Thanks to herr dubyah and dick cheney dropping the ball.
More proof that torture doesn't work:
http://www.cnn.com/2009/WORLD/meast/09/01/iraq.deathpenalty.woman/index.html
Oh wait, he's not real like your imaginary scenarios.
Yup.
http://www.cnn.com/2009/WORLD/meast/09/01/iraq.deathpenalty.woman/index.html
Samar Saed Abdullah's entire body trembles as she speaks about her impending execution. She thinks of the gallows room, the noose around her neck and that moment when she will take her final breath.
[...]
During the interview, the wardens also seemed to make motions to try to stop CNN from broaching the subject of her allegation that she had only confessed under torture.
[...]
Her parents sold everything to pay for her defense. They swear she's innocent. She says she was tortured by the police into confessing that she went to her uncle's house with the intent to steal.
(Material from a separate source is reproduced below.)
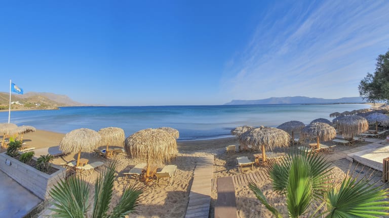 Maria Beach Hotel is located on a lovely sandy beach, in the middle of the enchanting bay of Kissamos, 40km west of Chania Town. The combination of the Cretan mountains, the local vegetation and the magnificent blue color and the golden sand of the sea create an idyllic environment that exudes serenity and tranquility. In our modern rooms, spacious studios and apartments, which are fully equipped to meet the needs of our guests, you will be able to spend your carefree and relaxing holidays. The beautifully landscaped, ideal for children, sandy beach right in front of our hotel offers endless hours of calmness and relaxation. At the start of the day, our rich breakfast, with a variety of savory and sweet flavors, fresh fruit and juices, with pure local ingredients, is served in a buffet on a beautiful terrace overlooking the sea”, which is also our hotel’s Café. Our restaurant, right on the beach, in an idyllic landscape, with Cretan and Mediterranean cuisine, offers delicious traditional dishes with pure Cretan ingredients, pure virgin olive oil, fresh fish and seafood that will enthuse you. It is open daily from noon until late at night. To make your journey easier and hassle-free, our hotel provides taxi services. The location of our hotel is ideal for your sightseeing trips to beautiful natural sites and world famous beaches of Chania. We are waiting for you at Maria Beach! Here people still smile and treat the visitors with appreciation and with a keen sense of Cretan hospitality!
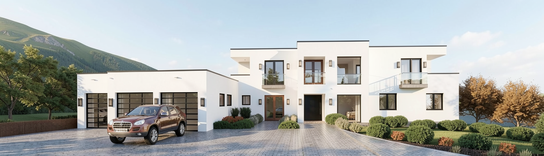 exterior white door and window frames black glass balcony railings

(Which sets me wondering about the 6K year old Earth)
(BTW... got another 'poll' to post)
My answer to you is No. No, I would not stoop to any means necessary, even to save my family. Not as President, or other duly elected representative. Is this a hard choice? Of course. That is what separates people with principles from people without: when things really matter, when the stakes are highest, the people with principles stick to those principles.
And when President Bush ignored his daily intelligence brief, telling the agent "Okay, you've covered your backside" and did nothing at all to prevent 9-11, what does that make him, exactly?
And the reason that only totalitarian folk use torture? It is not even just their humanity. You can get you victim to admit to being his own Grandmother, or any false facts you want, but you cannot get actual facts. Totalitarians don't care about actual facts.
Sorrowfully the greatest expert on AlQueda who could have lead a workable counterattack or even have stopped the whole thing was in those Towers, after being fired by the Gang Of Pirates that still dance on the graves of those lost and the thousands dying still from their negligence.
Yes. It's a well established fact that the herr dubyah administration was briefed that such an attack was being planned.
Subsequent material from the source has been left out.